Frankl found that meaning came from three possible sources: purposeful work, love, and courage in the face of difficulty.
Regarding the “intensification of inner life” that helped prisoners stay alive, he discusses the transcendental power of love: “Love goes very far beyond the physical person of the beloved. It finds its deepest meaning in his spiritual being, his inner self. Whether or not he is actually present, whether or not he is still alive at all, ceases somehow to be of importance.”
He uses the example of his wife, who gave him a sense of meaning:
We were at work in a trench. The dawn was grey around us; grey was the sky above; grey the snow in the pale light of dawn; grey the rags in which my fellow prisoners were clad, and grey their faces. I was again conversing silently with my wife, or perhaps I was struggling to find the reason for my sufferings, my slow dying. In a last violent protest against the hopelessness of imminent death, I sensed my spirit piercing through the enveloping gloom. I felt it transcend that hopeless, meaningless world, and from somewhere I heard a victorious “Yes” in answer to my question of the existence of an ultimate purpose. At that moment a light was lit in a distant farmhouse, which stood on the horizon as if painted there, in the midst of the miserable grey of a dawning morning in Bavaria. “Et lux in tenebris lucet” — and the light shineth in the darkness. For hours I stood hacking at the icy ground. The guard passed by, insulting me, and once again I communed with my beloved. More and more I felt that she was present, that she was with me; I had the feeling that I was able to touch her, able to stretch out my hand and grasp hers. The feeling was very strong: she was there. Then, at that very moment, a bird flew down silently and perched just in front of me, on the heap of soil which I had dug up from the ditch, and looked steadily at me.
Frankl also says that humour is “another of the soul’s weapons in the fight for self-preservation.” He writes:
It is well known that humor, more than anything else in the human make-up, can afford an aloofness and an ability to rise above any situation, even if only for a few seconds. . . . The attempt to develop a sense of humor and to see things in a humorous light is some kind of a trick learned while mastering the art of living. Yet it is possible to practice the art of living even in a concentration camp, although suffering is omnipresent.

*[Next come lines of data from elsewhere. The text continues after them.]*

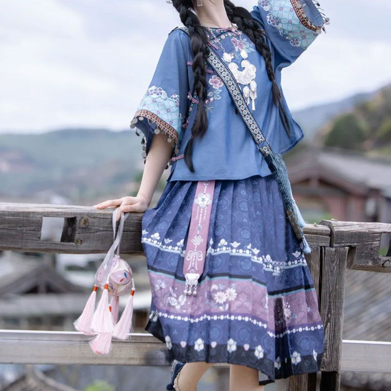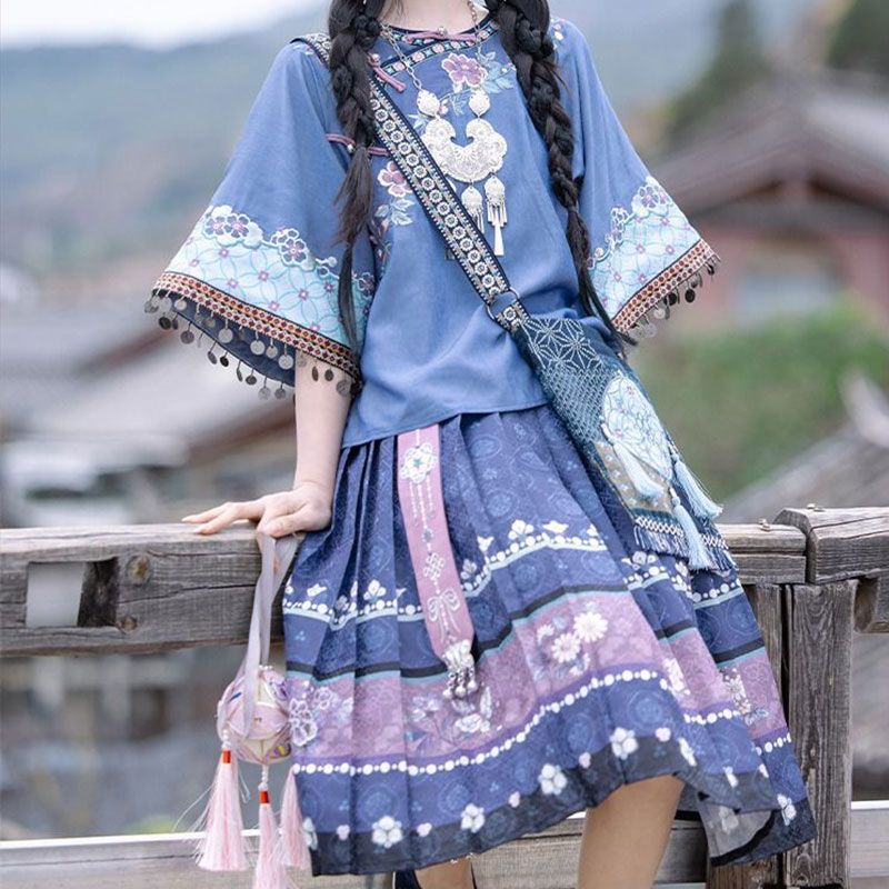 | nameOriginal | Elegant Chinese Style National Style suit Summer New Chinese Element Improved Ethnic Style Top Skirt Two-piece Set |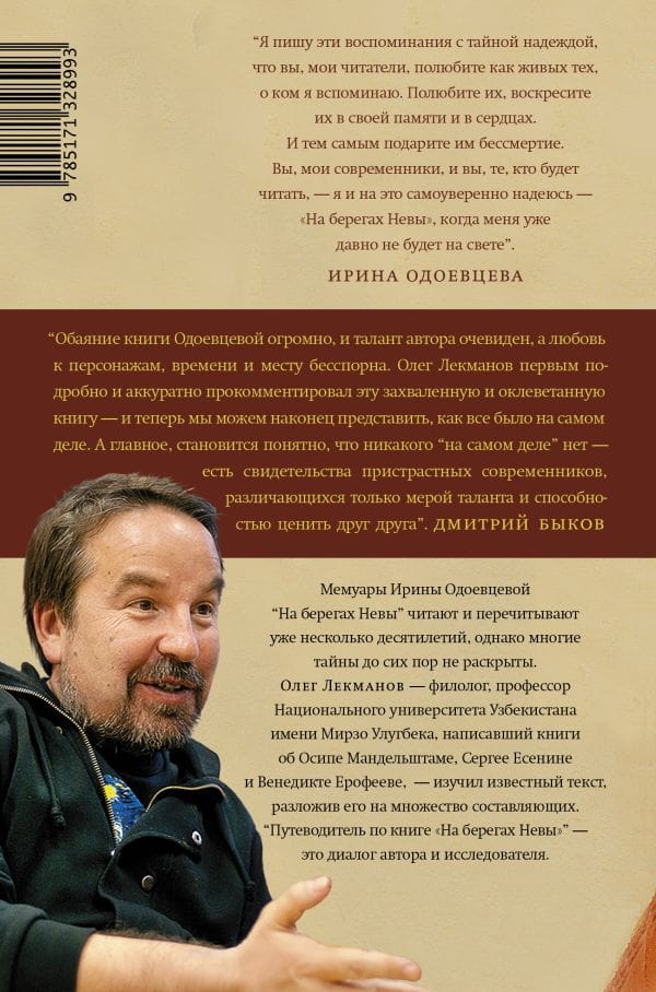 И тем самым подарите им бессмертие. Вы, мои современники, и вы, те, кто будет читать, — я и на это самоуверенно надеюсь — "На берегах Невы", когда меня уже давно не будет на свете". ИРИНА ОДОЕВЦЕВА Мемуары Ирины Одоевцевой "На берегах Невы" читают и перечитывают уже несколько десятилетий, однако многие тайны до сих пор не раскрыты. Олег Лекманов — филолог, профессор Высшей школы экономики, написавший книги об Осипе Мандельштаме, Сергее Есенине и Венедикте Ерофееве, — изучил известный текст, разложив его на множество составляющих. “Путеводитель по книге "На берегах Невы"” — это диалог автора и исследователя. "Обаяние книги Одоевцевой огромно и талант автора очевиден, а любовь к персонажам, времени и месту бесспорна. Олег Лекманов первым подробно и аккуратно прокомментировал эту захваленную и оклеветанную книгу — и теперь мы можем наконец представить, как все было на самом деле. А главное, становится понятно, что никакого "на самом деле" нет — есть свидетельства пристрастных современников, различающихся только мерой таланта и способностью ценить друг друга". ДМИТРИЙ БЫКОВ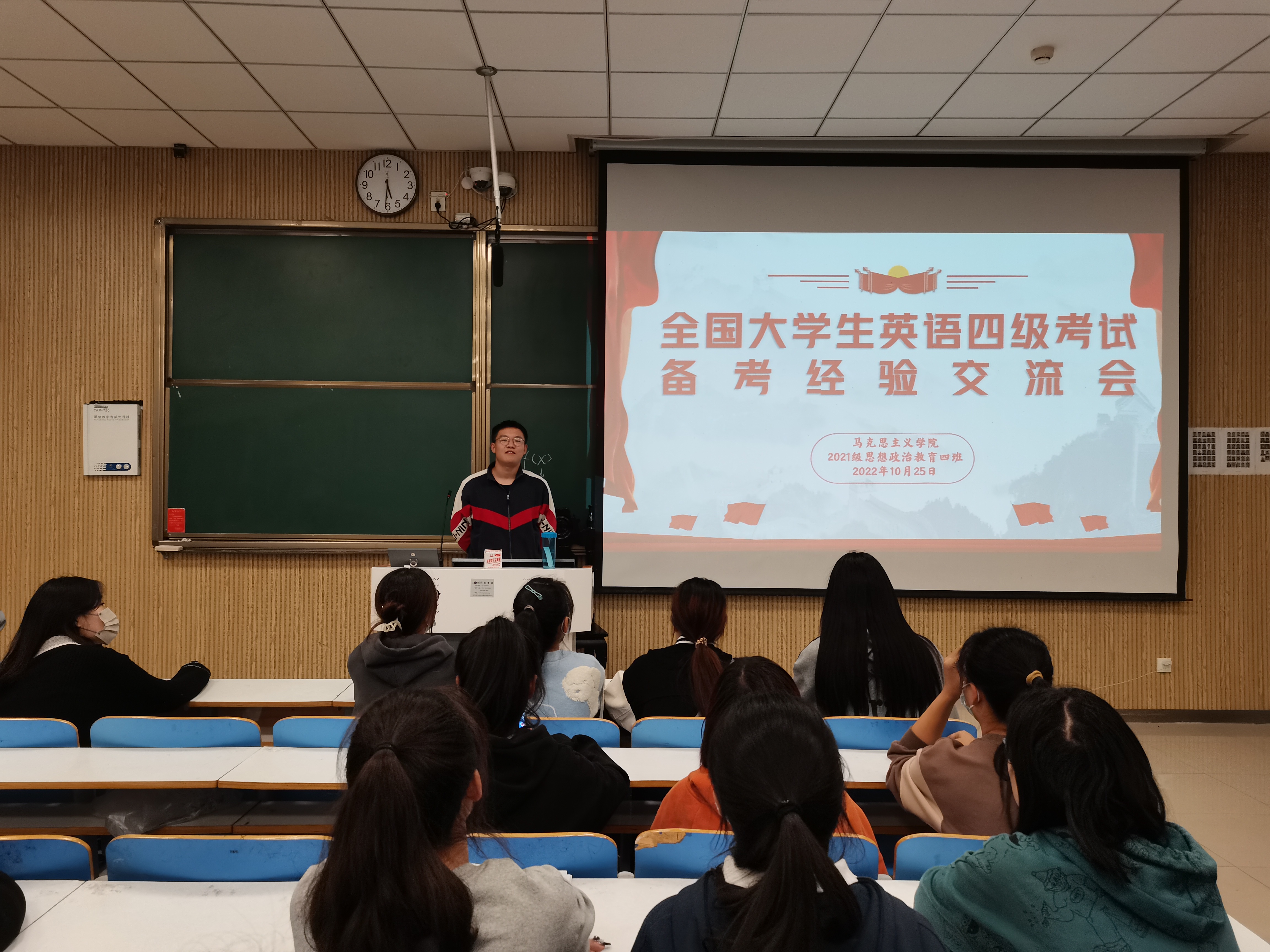为进一步提升我班同学备考热情,明晰备考规划,10月25日下午,sjb世俱杯网站2021级思想政治教育四班在社科楼514教室召开“全国大学生英语四级考试”备考经验交流会。2021级思想政治教育四班全体同学共同参会。班会由副班长常康哲主持。

Frankl’s outlook directly opposes that of today’s culture, which is so focused on the pursuit of individual happiness that it neglects the search for meaning. “But happiness cannot be pursued; it must ensue. One must have a reason to ‘be happy,’ ” Frankl writes.
Research has shown that having purpose and meaning in life increases overall well-being and life satisfaction, improves mental and physical health, enhances resiliency, boosts self-esteem, and decreases the chances of depression.
Yet according to the Center for Disease Control, about 4 out of 10 Americans have not discovered a satisfying life purpose. Forty percent either do not think their lives have a clear sense of purpose or are neutral about whether their lives have purpose. Nearly a quarter of Americans feel neutral or do not have a strong sense of what makes their lives meaningful.
And then there’s research that suggests our single-minded pursuit of happiness is actually making us less happy, which shows that Frankl was ahead of his time when he wrote, “It is the very pursuit of happiness that thwarts happiness.”